In the last two decades we have seen some progress made in getting environmental health and racial equity move from the sole confines of grassroots community groups to city halls, state houses, and the hallowed hall of Congress--and even the White House. Four decades as the first Earth Day in 1970, all 50 states have some form of environmental justice law, executive order, or policy designed to address environmental health disparities.
Today, there are 13 university-based environmental justice centers. Of the 13 centers, four are located at Historical Black Colleges and Universities (HBCU's); and 22 legal clinics that list environmental justice as a core area (one located at an HBCU), and six academic programs that grant degrees in environmental justice, including one legal program. The last two decades have seen environmental health and racial equity work make important inroads in national and international policy arenas. Their leaders are now getting long-overdue recognition. For example, from 1990-2010, more than two-dozen environmental justice leaders were singled out for prestigious national awards that included the Heinz Award , Goldman Prize , MacArthur Foundation "Genius" Fellowship , Ford Foundation Leadership for a Changing World Award , Robert Wood Johnson Community Health Leaders Award , and others.
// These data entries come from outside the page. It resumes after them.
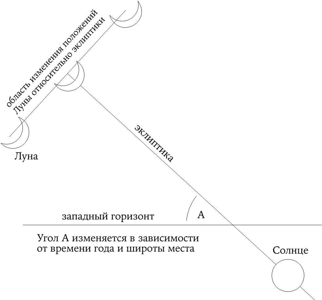 Первое наблюдение лунного серпа. Солнце находится ниже западного горизонта, линия его спуска не показана. (Она не совпадает с эклиптикой и определяется вращением неба вокруг Полюса мира.) Луна может находиться в пределах чуть более 5° в ту или другую сторону от эклиптики.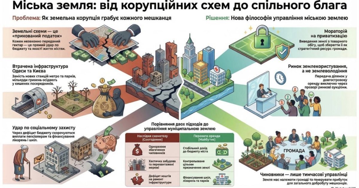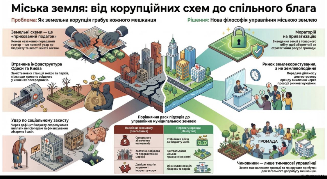 Міська земля за своєю суттю належить громаді. Чиновники не є її власниками – вони лише тимчасові управлінці, яким довірено розпоряджатися цим активом в інтересах людей. І наше спільне завдання – зробити так, щоб кожен клаптик землі працював не на кишеню окремих ділків, а на розвиток міста і добробут кожного його жителя. Бо земельна корупція – це не просто зловживання владою. Це пряме пограбування міста і його мешканців. І зупинити це пограбування можна лише тоді, коли земля перестане бути товаром і стане спільним благом.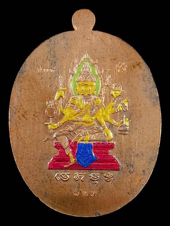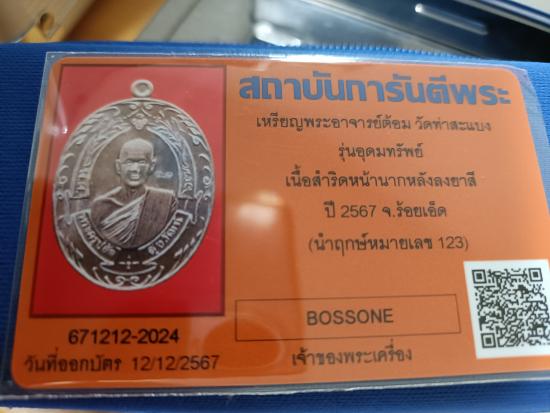 เหรียญรูปไข่ พิมพ์แกะสด รุ่น อุดมทรัพย์ ชุดทองคำนำฤกษ์ (เนื้อชนวนมวลสาร ๒๐๐ ล้าน) พระอาจารย์ต้อม วัดท่าสะแบง ร้อยเอ็ด เนื้อชนวน หน้ากากนาค หลังพรหม (ลงยา) หมายเลขเรียง ๑๒๓ (เลขเรียง) พร้อมกล่องเดิม พร้อมใบเซอร์

This is significant in light of the fact that none of the environmental justice leaders won any national awards for their important work prior to 1990.
Growing generations of new leaders has always been a top priority of the Environmental Justice Movement. Community based organizations play an important role in providing a space and training ground for growing youth leaders. The key to a successful environmental health and health equity movement building rests with how effective the movement solves "pipeline" challenges. Not surprising, resources continue to be a major barrier to building, supporting, and sustaining strong national youth and student leadership development initiatives.
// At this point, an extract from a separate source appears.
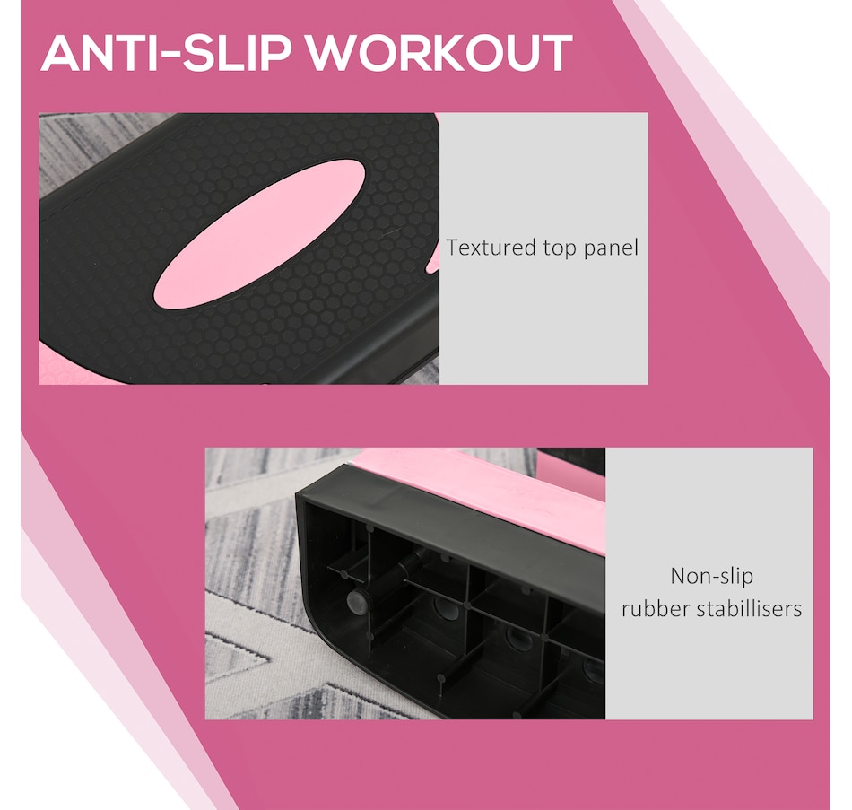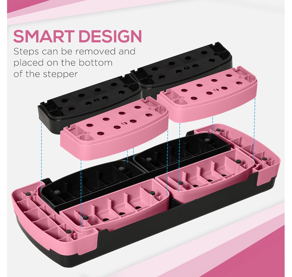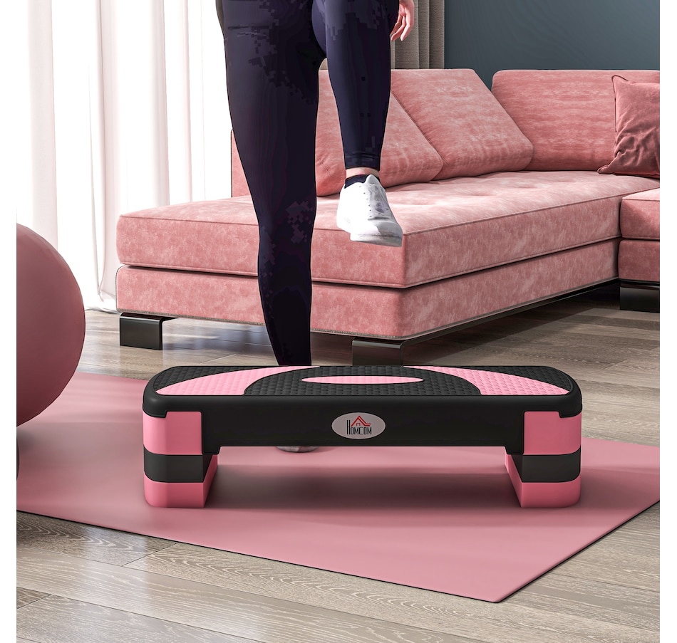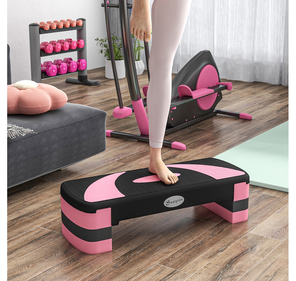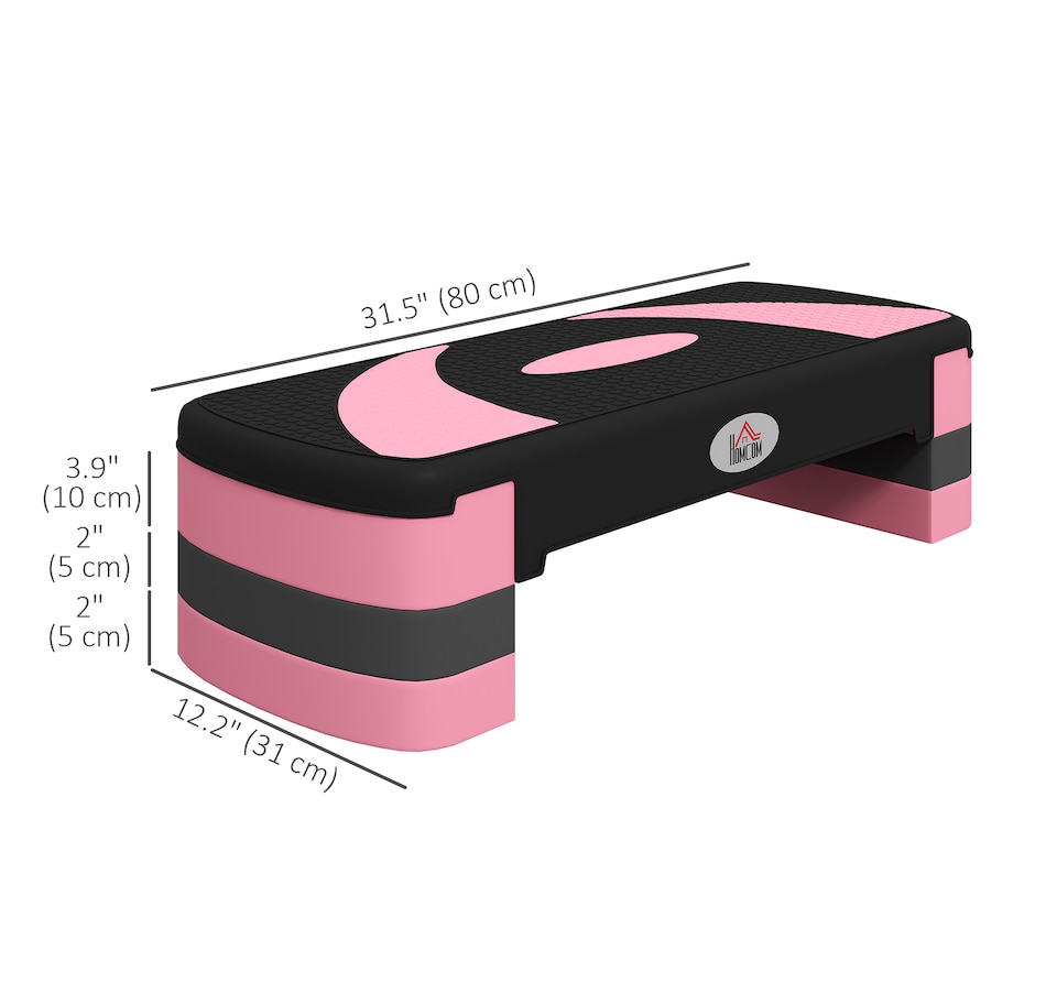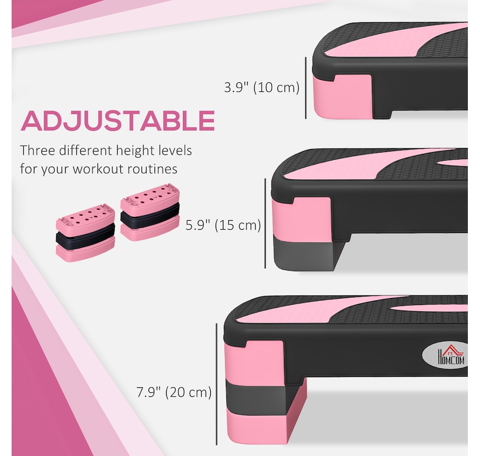 Adjustable Aerobic Stepper, Exercise Step Platform, 4"-6"-8", Pink

New generations of youth and student leaders are being educated, trained, and mentored by community based organizations, networks, and university based centers and programs to join the movement in various leadership roles. Bringing young people into the movement to address environmental health disparities, from activist to analysts to academics, can only strengthen the movement. Much of the youth work takes place within an intergenerational form (community based organizations, networks, centers, legal clinics that have youth-focus or youth component) and youth-led form (organizations founded by and led by youth), and both are important and complementary.
The number of people of color environmental groups has grown over the past two decades, from 300 groups in 1992 to 1,000 or so in 2000, to more than 3,000 groups and a dozen networks in 2010. An increasing number of community based groups, environmental justice networks, environmental and conservation groups, legal groups, faith-based groups, labor, academic institutions and youth organizations are teaming up on environmental and health issues that differentially impact poor people and people of color. Although the principles of environmental justice were conceived in the United States, they are now applied and embraced by millions around the world. The core issues have expanded from civil rights to human rights.